In order to obtain the benefits of HA in the cloud, you could argue that these third-party companies should open the setup of and access to their applications? Sounds good on paper, but that means that every third-party vendor will end up creating their own way of doing this, multiplying the effort of getting HA at the application level.
What's the answer?
Embedded HA - HA at the operating system level - scales much better.
There's a reason why I only hear discussions about HA for private clouds: Because customers don't trust external service providers, needing not just HA but iron-clad service-level agreements as well.
Changes to the Cloud
One answer to this problem is simply make the cloud application-aware, essentially bringing HA to the cloud layer.
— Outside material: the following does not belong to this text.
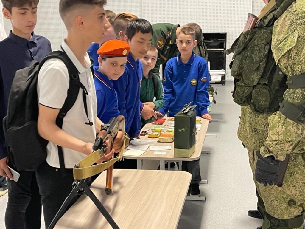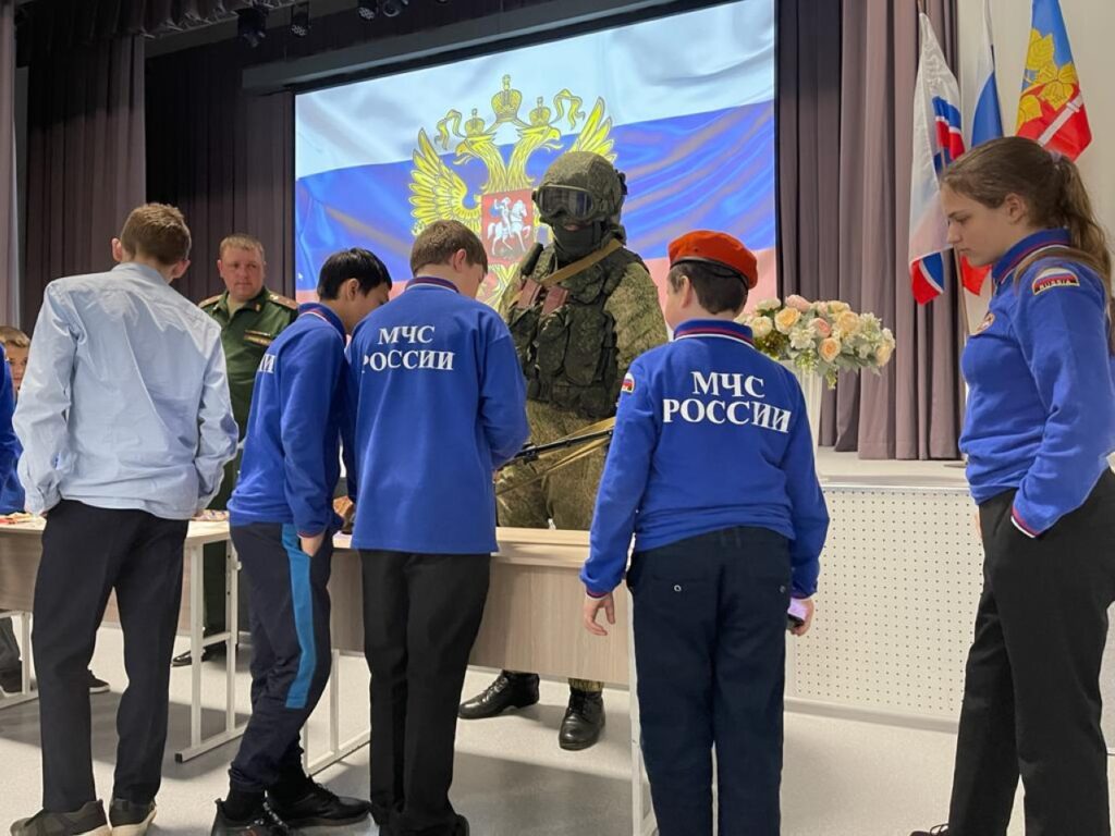 На мероприятие были приглашены председатель совета Ломоносовского местного отделения ВДПО ЛО Мангасарян С.Г., действующие военнослужащие ВЧ поселка Горелово. Главная цель мероприятия — военно-патриотическое воспитание молодежи, формирование патриотического сознания, чувства преданности к Отечеству. Военные продемонстрировали учащимся современную экипировку военнослужащего РФ, рассказали историю создания части.

How would this happen?
You could make the distributable workloads distributed, and for monolithic workloads (and nearly every application has a monolithic data source at some point), provide HA either in the guest operating system (which means to use the traditional setup but in the cloud) or apply HA to the cloud infrastructure.
As a product manager, I obviously have a solution for this, on three levels:
Provide HA in the guest operating system.
Provide remote monitoring and management of guests, without the need to install software in every guest.
Provide infrastructure HA on the cloud level.
In the cloud, when workloads get moved and not redeveloped, they will run fine until the cloud has an issue, and customers will then start to request HA. Or customers will run the cloud as backup for the data center, getting availability at lower systems cost, but higher cost of operations.
Elastic Cloud is Not Assured
These latter customers will look into automatization of their systems or figure out the elastics of the cloud as backup is not a given. Ask the Japanese companies who have tried to activate their cloud backups all at once, while the cloud was suffering downtime at the same time. All of this means customers will need a structural solution and those rigid SLAs.
However, getting HA actually in the cloud will bring HA to every application running on the cloud infrastructure, at a modest cost. Such a deployment would be easy to handle, without the need of special setups and special consultants *plus* giving customers the flexibility of the cloud and the option to think about clusters and workload optimization.
All Systems Impacted
It's not just mission-critical systems we're talking about. With HA capabilities available right inside enterprise Linux platforms, there's a very real cost-benefit to using those native HA features rather than tacking on an expensive, proprietary HA tool-set. By abstracting the cost out of the equation, we're seeing HA being applied at servers out on the edges, like file, mail, and print servers.
That may seem like overkill, but when data and information flow is a critical part of any business process these days, who wants to lose time and money when the e-mail system crashes? The days of tolerating unavailability are moving behind us.
The real story is that no server is expendable anymore. Business and IT are so closely intertwined, no failure is acceptable now. HA may not be loud and noisy like the hype about cloud computing, but it is still as an important part of the IT narrative than ever.